Anton Ferdinand has called on governing bodies to assume responsibility and suspend matches when players are subjected to racial abuse.
The former West Ham and QPR defender believes players will be at risk of further vitriol if they take matters into their own hands. Ferdinand argued that intervention from the authorities would have greater impact and revealed that he has urged Mark Bullingham, chief executive of the Football Association, to take more responsibility when it comes to fighting discrimination.
“I’ve had an open conversation with him,” Ferdinand said. “It’s down to them to do it. I came from a player’s perspective. I’ve been racially abused more than once on the pitch. As a player, if someone racially abuses us we’re not walking off the pitch. It’s not in us to do that. We’re paid competitors. The thought process is: ‘If I walk off, they’ve won. I’m one of the better players, they want me to go off. They’ve won.’
“I’m not saying it’s right, I’m just saying it’s the way we’re wired as footballers. It can’t be just the player’s decision to walk off the pitch. If I’m in that changing room here at Wembley and Gareth Southgate’s going, ‘Who wants to walk off?’ I’m not putting my hand up because I know what’s coming. You guys [the media] are going to find out who said they don’t want to go out on the pitch and what’s going to happen to that person? They’re going to get abused.
“Whereas if Mark Bullingham goes in the dressing room and says: ‘Gareth, the players aren’t going on and we as the FA are going to make a statement that says we drew the players off, it was nothing to do with the players,’ that’s when we’ll start to see change.”
Ferdinand, speaking at an event to mark the 30th anniversary of Kick It Out, football’s anti-discrimination charity, was involved in one of the most controversial episodes of alleged racial abuse in the history of English football. During a Premier League game between QPR and Chelsea in October 2011, John Terry said the words “fucking black cunt” to Ferdinand. Terry was acquitted in a criminal trial but he lost the England captaincy and was found guilty at an FA disciplinary hearing.
Ferdinand was critical of Kick It Out at the time but he said his relationship with the organisation had improved. However he said the FA and Kick It Out had more work to do to support victims of racial abuse.
“I think a lot of victims still end up feeling like the perpetrator,” he said. “I must say the support is much better now, with the likes of Troy [Townsend] and other members of Kick It Out around.
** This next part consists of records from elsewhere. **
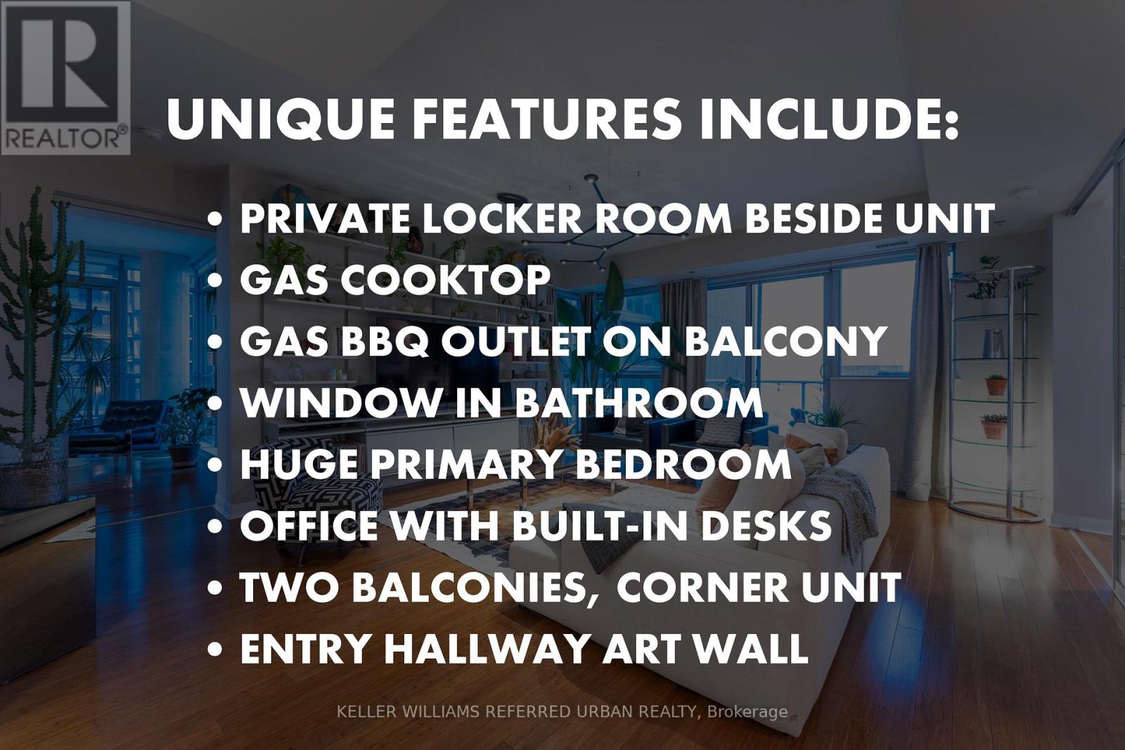 Upgraded designer two bedroom plus den condo at M5V Condos, in the central King West area. Large 1,358 sq ft interior + 195 sq ft over two balconies. ***** So many unique features, such as: private locker room beside unit, gas cooktop, gas bbq outlet, two balconies, bathroom window, huge primary bedroom, office with built-ins, and a nice entry to display all your artwork. ***** Den/office with built-in desks and cabinets. Split bedroom layout (second bedroom used as living space). Primary bedroom with huge walk-in closet, balcony, and a 5-pc ensuite bathroom with natural lighting! Chef's dream kitchen with gas cooktop, Scavolini cabinetry, pantry room, and kitchen island. Vitsoe Custom Shelving (worth $20k), designer light fixture, Napoleon gas bbq, imported entryway mirrors from Italy (worth $15k) are all included. Amenities include: huge gym with free weights and cardio, Peloton studio with bikes and row, guest suite, rooftop terrace and games/party room, 4th floor indoor bike lockers, 24 concierge, and free visitor parking. Lake views in the south, and rare BBQ gas hookup. Central King West is in the heart of all the action: top restaurants, cafes, bars, grocery stores, and walking distance to the Financial District. Close to St. Lawrence Market, Harbourfront, PATH underground access, and public transit, offering convenient city living. (41884860)
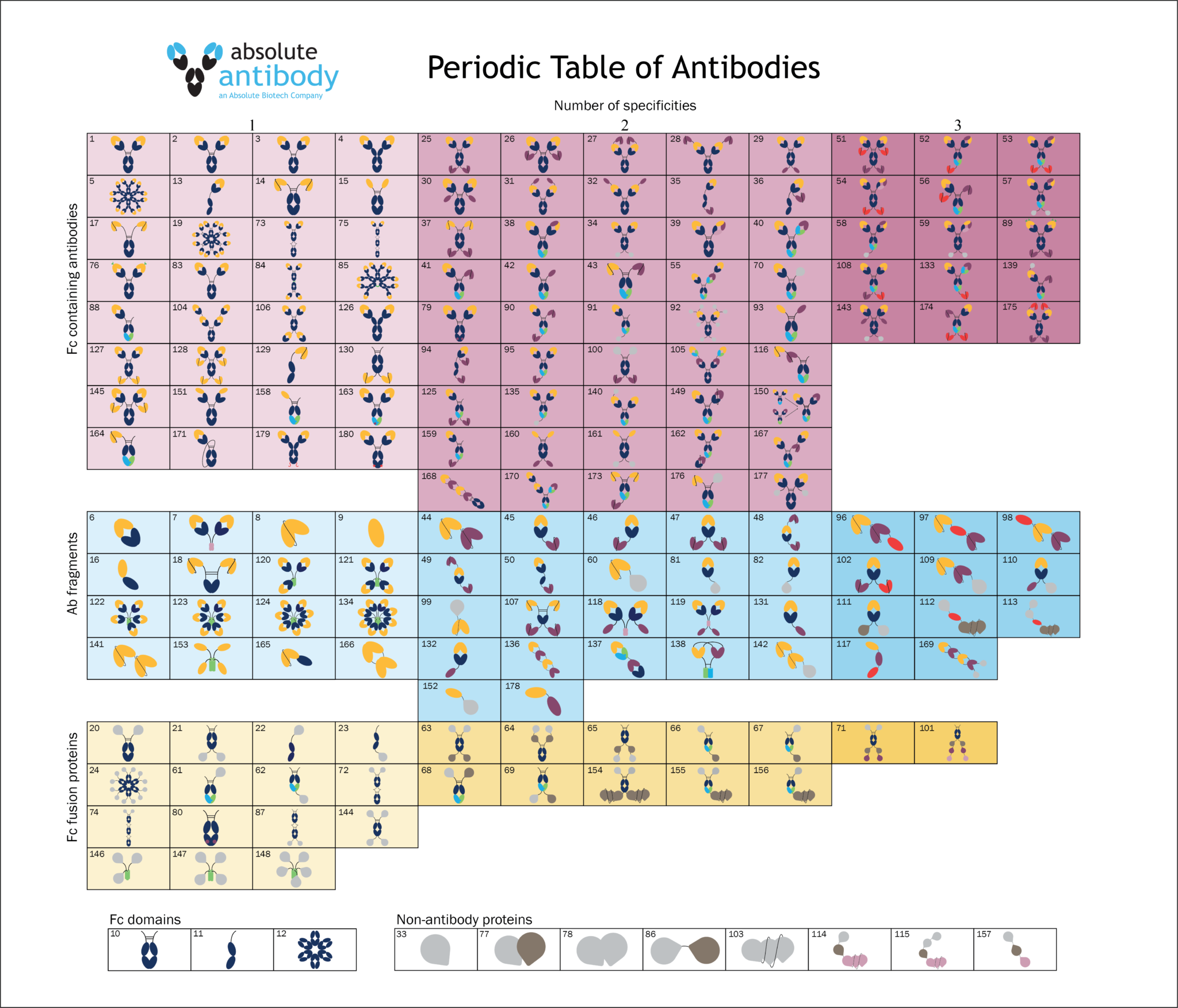 Thinking about murine bispecifics? Check out our murine bispecific antibodies and contact us to discuss your ideas and projects! We are dedicated to making your antibody possibilities a reality, and our Periodic Table of Antibodies (a collection of more than 180 antibody formats we have created) shows just how many possibilities exist for your experimental goals!
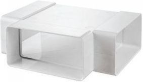 Trójnik poziomy systemu 100, wykonany z wysokiej jakości tworzywa sztucznego. Wykorzystywany do budowy instalacji wentylacyjnych w systemach płaskich kanałów wentylacyjnych.
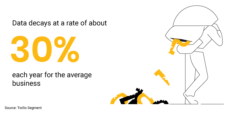 - Twilio Segment says that data decays at a rate of about 30% each year for the average business.
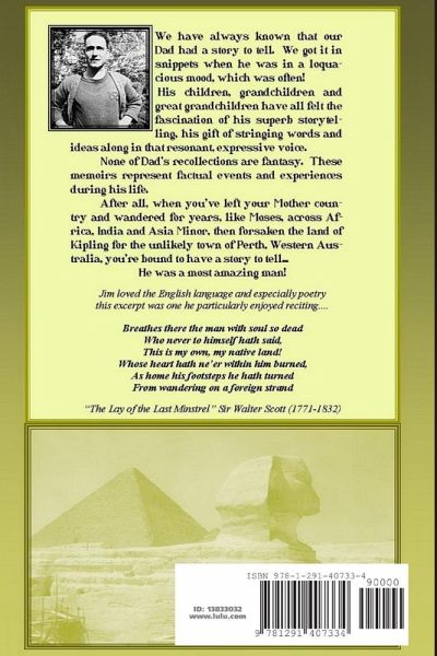 Born with a determination to better himself, young Jim rose from scraping a living for himself and his Mum by the meanest of jobs to a respected and capable soldier in the South Staffordshire Regiment. His exploits and experiences led him to India where he met the love of his life whom he married and with whom he raised a large family. India in the 1930's and '40's held a fascination like no other country. From confronting dangerous situations - including coming face to face with cobras, panthers and snakes as well as owning many weird and wonderful pets, Jim's life was never without excitement. After Indian Independence, Jim moved his family to Perth, in Western Australia in 1949 where he used his immense ingenuity, intelligence and ability and worked without ceasing, to provide his family with a moderate and comfortable lifestyle. He was an amazing man!

But in football and society, if you ask people who have been racially abused nine times out of 10 they will tell you they end up feeling like the perpetrator. That’s got to change and that comes back to the top.”
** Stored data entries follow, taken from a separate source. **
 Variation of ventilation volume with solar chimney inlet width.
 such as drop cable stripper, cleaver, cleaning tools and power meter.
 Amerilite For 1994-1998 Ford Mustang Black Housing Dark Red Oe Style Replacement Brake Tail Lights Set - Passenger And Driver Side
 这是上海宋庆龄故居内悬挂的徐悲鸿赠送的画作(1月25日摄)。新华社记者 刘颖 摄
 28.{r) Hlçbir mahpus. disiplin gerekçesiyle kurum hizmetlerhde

Kick It Out marked its anniversary by releasing a report to underline the positive impact it has made on the sport. But the charity’s chief executive, Tony Burnett, hit out at the lack of black managers in the game.
“Whilst we rightly celebrate what we’ve done, we should also acknowledge we’ve only made marginal progress in the pathways for black players to become managers,” Burnett said.
“In fact, in the last 12 months we’ve gone backwards, with the loss of Patrick Vieira, Darren Moore, Keith Curle and Kolo Touré in the men’s game, and Hope Powell in the women’s game. Meritocracy in most areas of our game is sadly a myth. Talent is distributed evenly. Opportunity is not.”